- Supplied records -
┄┄┄┄┄┄
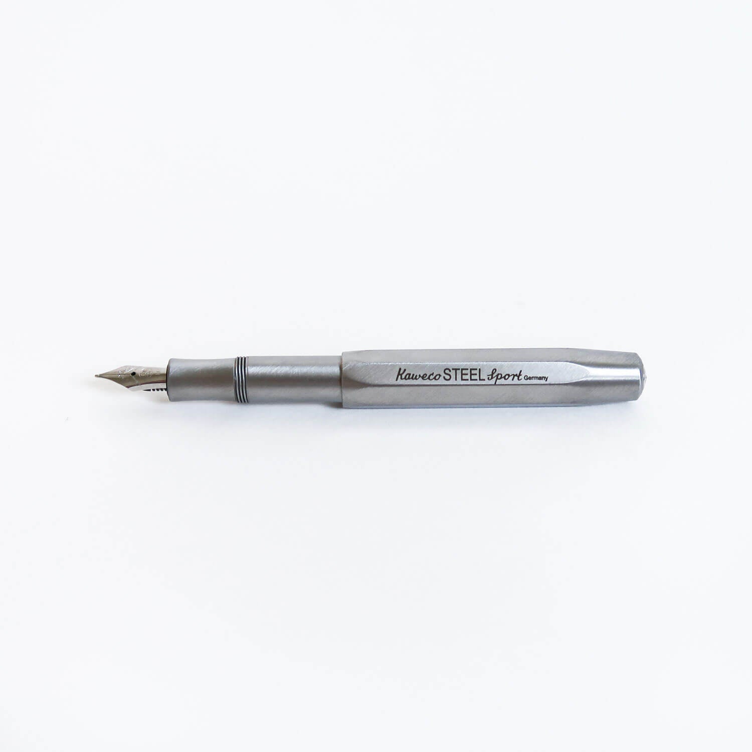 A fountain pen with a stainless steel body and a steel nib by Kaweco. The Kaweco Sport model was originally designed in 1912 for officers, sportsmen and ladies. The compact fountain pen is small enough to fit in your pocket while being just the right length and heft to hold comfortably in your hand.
┄┄┄┄┄┄
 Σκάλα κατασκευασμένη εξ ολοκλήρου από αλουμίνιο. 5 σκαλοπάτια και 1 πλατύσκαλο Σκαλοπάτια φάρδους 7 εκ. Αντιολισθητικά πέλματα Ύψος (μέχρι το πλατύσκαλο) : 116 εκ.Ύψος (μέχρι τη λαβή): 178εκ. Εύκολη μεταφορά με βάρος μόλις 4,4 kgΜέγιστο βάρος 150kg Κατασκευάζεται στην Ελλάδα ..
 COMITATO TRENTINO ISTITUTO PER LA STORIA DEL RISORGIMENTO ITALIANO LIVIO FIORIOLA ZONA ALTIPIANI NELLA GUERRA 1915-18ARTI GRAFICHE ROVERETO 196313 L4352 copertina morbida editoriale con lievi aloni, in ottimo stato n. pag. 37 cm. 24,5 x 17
┄┄┄┄┄┄
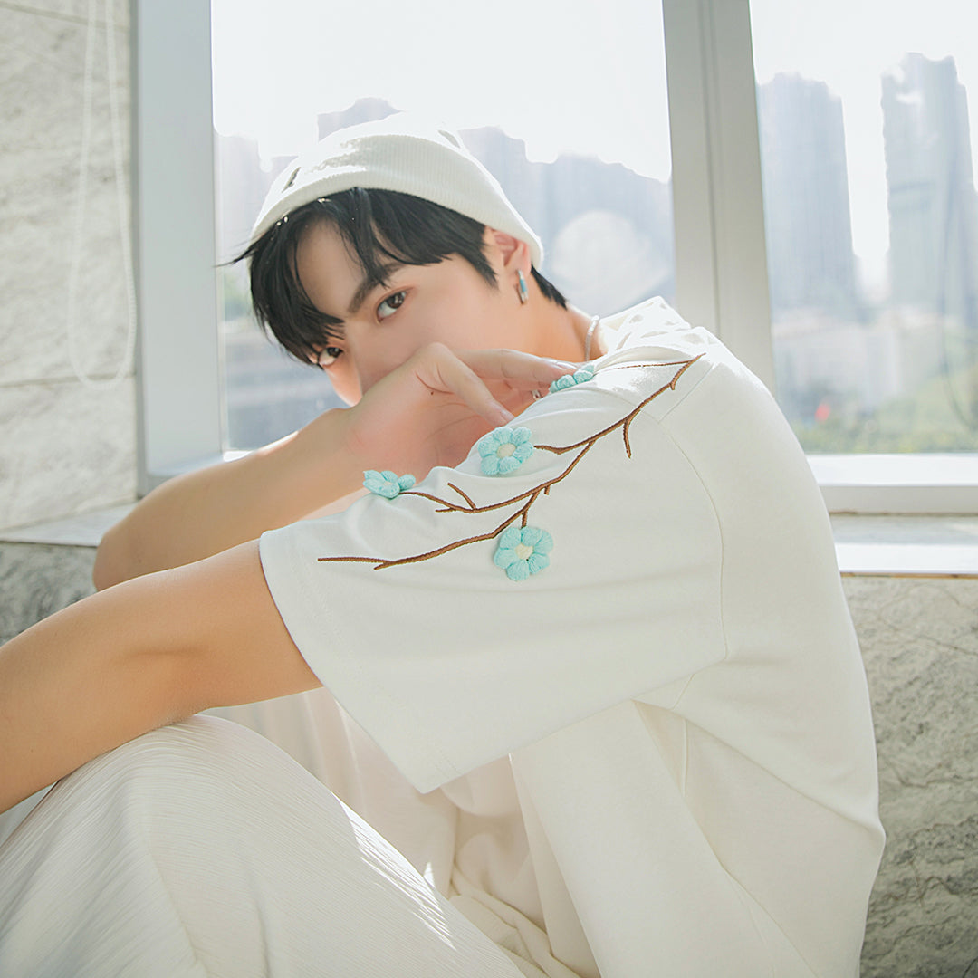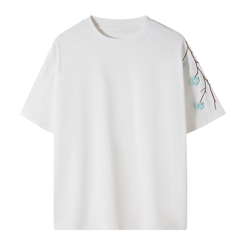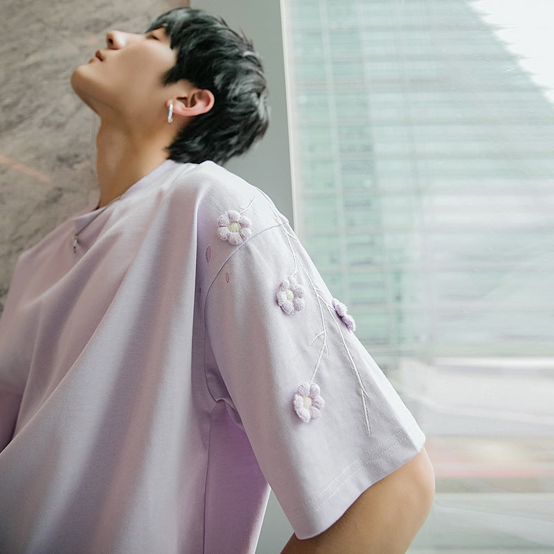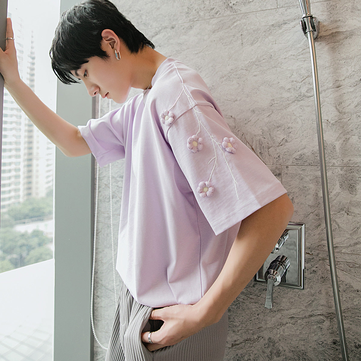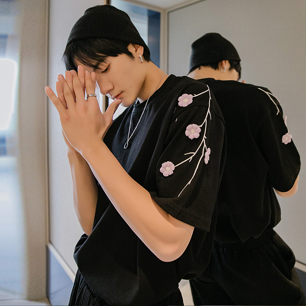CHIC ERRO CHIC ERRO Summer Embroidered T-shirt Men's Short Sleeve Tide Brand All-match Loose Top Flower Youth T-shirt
┄┄┄┄┄┄
Above this task is a listing. Restate, word for word and with nothing added, the lines from the one with "Σκάλα κατασκευασμένη εξ" through the one with "COMITATO TRENTINO ISTITUTO".

- Solution -
 Σκάλα κατασκευασμένη εξ ολοκλήρου από αλουμίνιο. 5 σκαλοπάτια και 1 πλατύσκαλο Σκαλοπάτια φάρδους 7 εκ. Αντιολισθητικά πέλματα Ύψος (μέχρι το πλατύσκαλο) : 116 εκ.Ύψος (μέχρι τη λαβή): 178εκ. Εύκολη μεταφορά με βάρος μόλις 4,4 kgΜέγιστο βάρος 150kg Κατασκευάζεται στην Ελλάδα ..
 COMITATO TRENTINO ISTITUTO PER LA STORIA DEL RISORGIMENTO ITALIANO LIVIO FIORIOLA ZONA ALTIPIANI NELLA GUERRA 1915-18ARTI GRAFICHE ROVERETO 196313 L4352 copertina morbida editoriale con lievi aloni, in ottimo stato n. pag. 37 cm. 24,5 x 17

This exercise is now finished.